I want to understand the structure of some matrix groups. Unfortunately I know very little group theory, so I need some help.
First some motivation: I know that in the group $(\mathbb R_{>0},\times)$, the subgroup $\langle2\rangle$ generated by $\{2\}$ is discrete, but the subgroup $\langle2,3\rangle$ is not. Furthermore, for any $x\in\mathbb R_{>0}$, one can obtain the best approximation (under whatever metric) of $x$ in $\langle2\rangle$ by a simple "descent" algorithm: starting from any $a\in\langle2\rangle$, check which of the three values $2^{-1}a$, $a$, and $2a$ is closest to $x$, go there, and repeat. This algorithm does not work for $\langle2,3\rangle$, which is not discrete. However, this is not simply a consequence of discreteness: descent does not work for the discrete subgroup $\langle4,8\rangle$ either.
I am interested in answering these questions for the matrix group $$G = \left\langle \begin{bmatrix}2&0 \\ 0&1\end{bmatrix}, \begin{bmatrix}1&0 \\ 0&2\end{bmatrix}, \begin{bmatrix}1&1 \\ 0&1\end{bmatrix}, \begin{bmatrix}1&0 \\ 1&1\end{bmatrix} \right\rangle,$$ and its generalizations to higher dimensions. Namely,
- Is $G$ discrete?
- Is there a simpler way to characterize whether a given matrix is in $G$?

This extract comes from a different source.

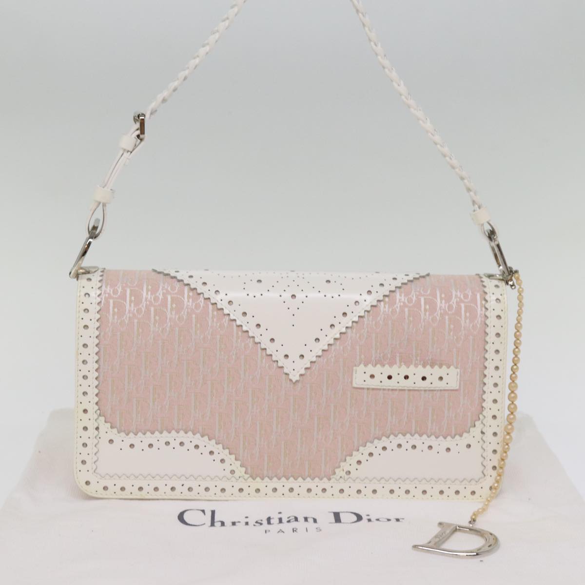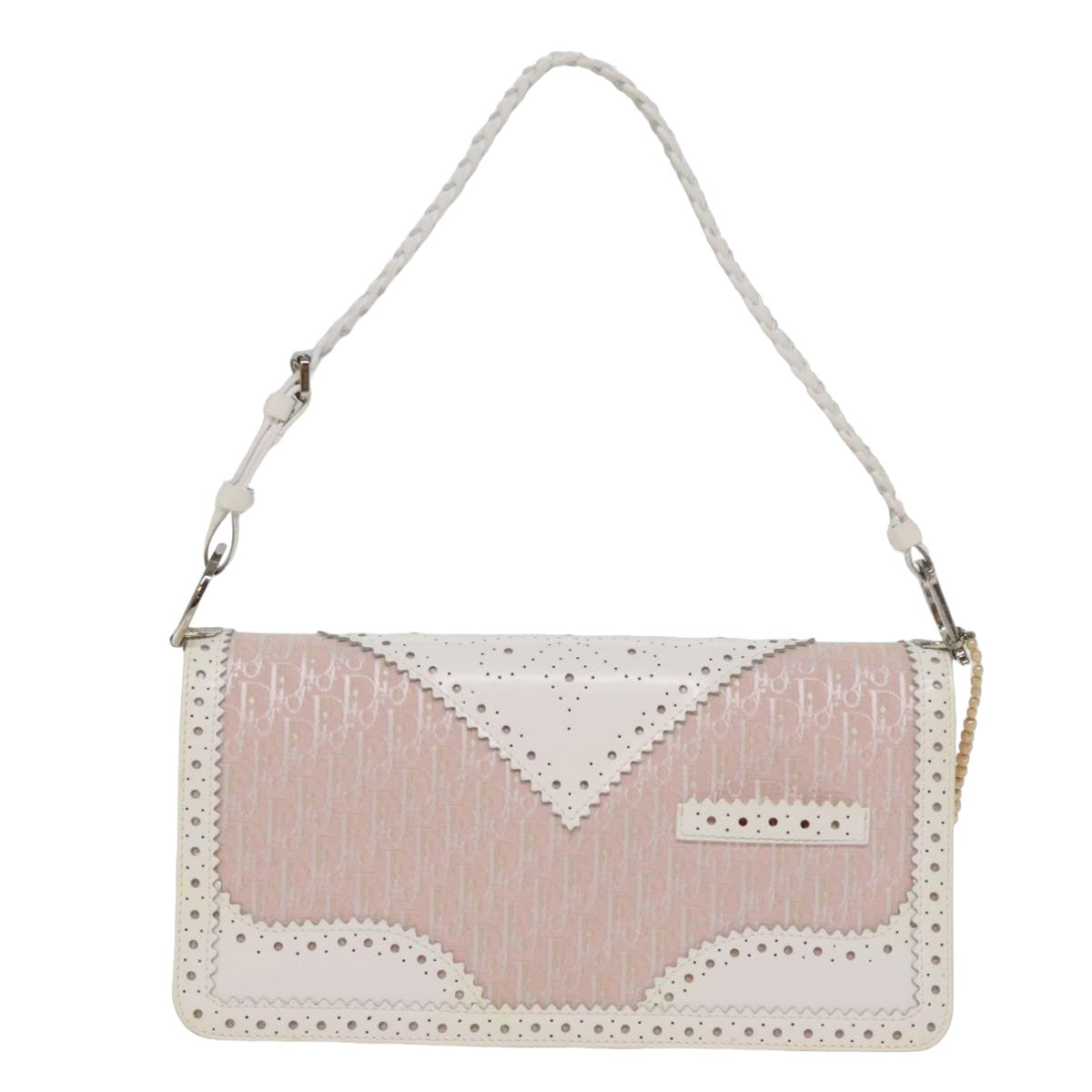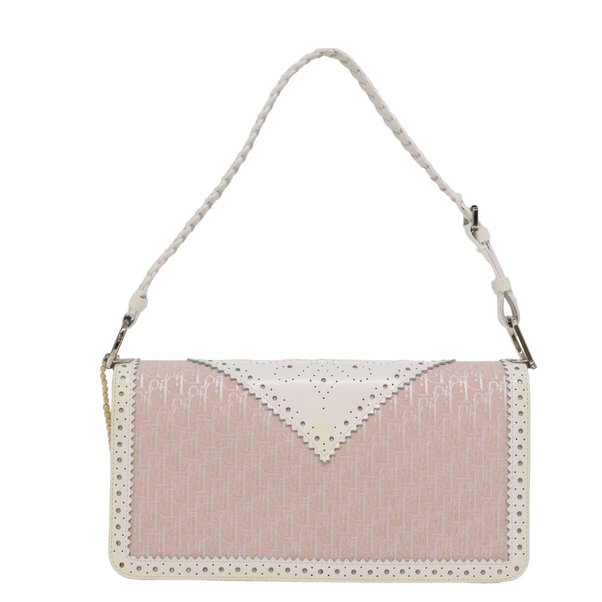 CHRISTIAN DIOR Trotter Canvas Shoulder Bag Pink Auth 77002A

- Does it permit a descent algorithm for matrix approximation (say under the Frobenius norm $\|M\|_F = \sum |m_{ij}|^2$)?

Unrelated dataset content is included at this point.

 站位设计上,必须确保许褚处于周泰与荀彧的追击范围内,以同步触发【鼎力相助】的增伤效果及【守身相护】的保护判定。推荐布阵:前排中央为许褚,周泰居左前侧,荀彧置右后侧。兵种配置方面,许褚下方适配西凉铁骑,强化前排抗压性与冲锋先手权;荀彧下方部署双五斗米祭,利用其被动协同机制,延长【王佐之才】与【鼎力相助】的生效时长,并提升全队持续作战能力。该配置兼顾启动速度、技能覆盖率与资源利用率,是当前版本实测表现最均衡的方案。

It is clear that the subgroup generated by the first two matrices is discrete, since it is simply the set of diagonal matrices with entries from $\langle2\rangle$. The subgroup generated by the last two matrices is a subset of the set of all integer matrices with determinant $1$; I believe it is equal to that set, but I don't even know how to prove that.
No, $G$ is not discrete in $\mathrm{GL}_2(\mathbf{R})$. Indeed, write your 4 generators as $d_1(2),d_2(2),e_{12}(1),e_{21}(1)$. Then $d_1(2)^{-n}e_{12}(1)d_1(2)^{n}=e_{12}(2^{-n})$ accumulates when $n\to\infty$ at the identity matrix $e_{12}(0)$.

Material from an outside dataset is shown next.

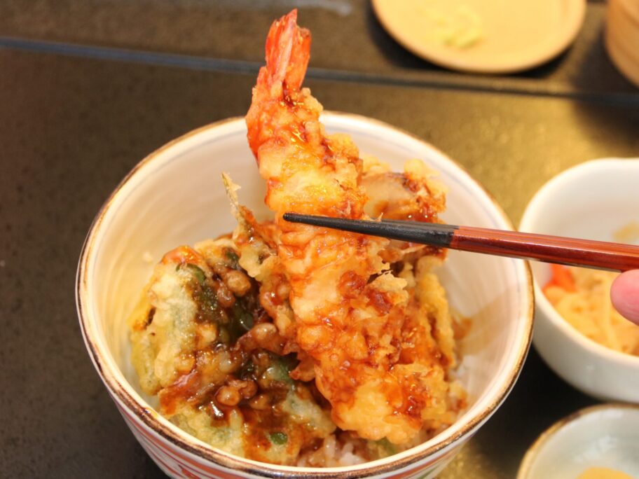 天丼はエビが「主役だ」とばかりにそびえたっています。では、主役から。サクッと軽く揚がっています。タレはやや甘め。ご飯が進みます。厳選した新潟県産米とか。硬めに炊かれているのもうれしい。

Indeed those matrices $e_{12}(2^{-n})$ and $e_{21}(2^{-n})$ generate $\mathrm{SL}_2(\mathbf{Z}[1/2])$ ($e_{12}(1/2)$ and $e_{21}(1)$ are actually enough), and using $d_1(2)$ one gets all matrices in $\mathrm{GL}_2(\mathbf{Z}[1/2])$ of positive determinant. Since all given generators have positive determinant, this is all that can be done.
Note: the standard way to view such a group as discrete is to view it diagonally embedded into $\mathrm{GL}_2(\mathbf{R})\times\mathrm{GL}_2(\mathbf{Q}_2)$.